**RECORDED INFORMATION:**
++++++

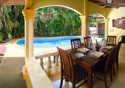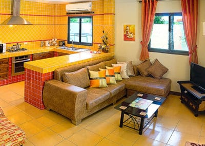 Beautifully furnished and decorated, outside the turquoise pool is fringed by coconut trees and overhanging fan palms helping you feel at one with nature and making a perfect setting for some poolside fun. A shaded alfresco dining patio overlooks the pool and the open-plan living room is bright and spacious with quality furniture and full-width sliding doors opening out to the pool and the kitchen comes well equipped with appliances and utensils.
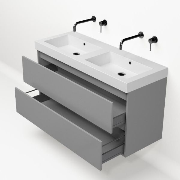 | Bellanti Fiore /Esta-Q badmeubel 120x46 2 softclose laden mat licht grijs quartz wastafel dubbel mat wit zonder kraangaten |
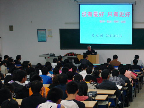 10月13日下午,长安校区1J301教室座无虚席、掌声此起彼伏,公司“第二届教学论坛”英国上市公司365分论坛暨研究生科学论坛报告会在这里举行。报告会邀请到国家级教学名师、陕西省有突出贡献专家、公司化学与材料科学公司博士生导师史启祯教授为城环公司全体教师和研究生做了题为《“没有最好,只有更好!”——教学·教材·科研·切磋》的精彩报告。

++++++

**PROBLEM STATEMENT:**
Repeat the lines above exactly, and keep every picture out.

**OUTPUT OF THE TASK:**
 Beautifully furnished and decorated, outside the turquoise pool is fringed by coconut trees and overhanging fan palms helping you feel at one with nature and making a perfect setting for some poolside fun. A shaded alfresco dining patio overlooks the pool and the open-plan living room is bright and spacious with quality furniture and full-width sliding doors opening out to the pool and the kitchen comes well equipped with appliances and utensils.
 | Bellanti Fiore /Esta-Q badmeubel 120x46 2 softclose laden mat licht grijs quartz wastafel dubbel mat wit zonder kraangaten |
 10月13日下午,长安校区1J301教室座无虚席、掌声此起彼伏,公司“第二届教学论坛”英国上市公司365分论坛暨研究生科学论坛报告会在这里举行。报告会邀请到国家级教学名师、陕西省有突出贡献专家、公司化学与材料科学公司博士生导师史启祯教授为城环公司全体教师和研究生做了题为《“没有最好,只有更好!”——教学·教材·科研·切磋》的精彩报告。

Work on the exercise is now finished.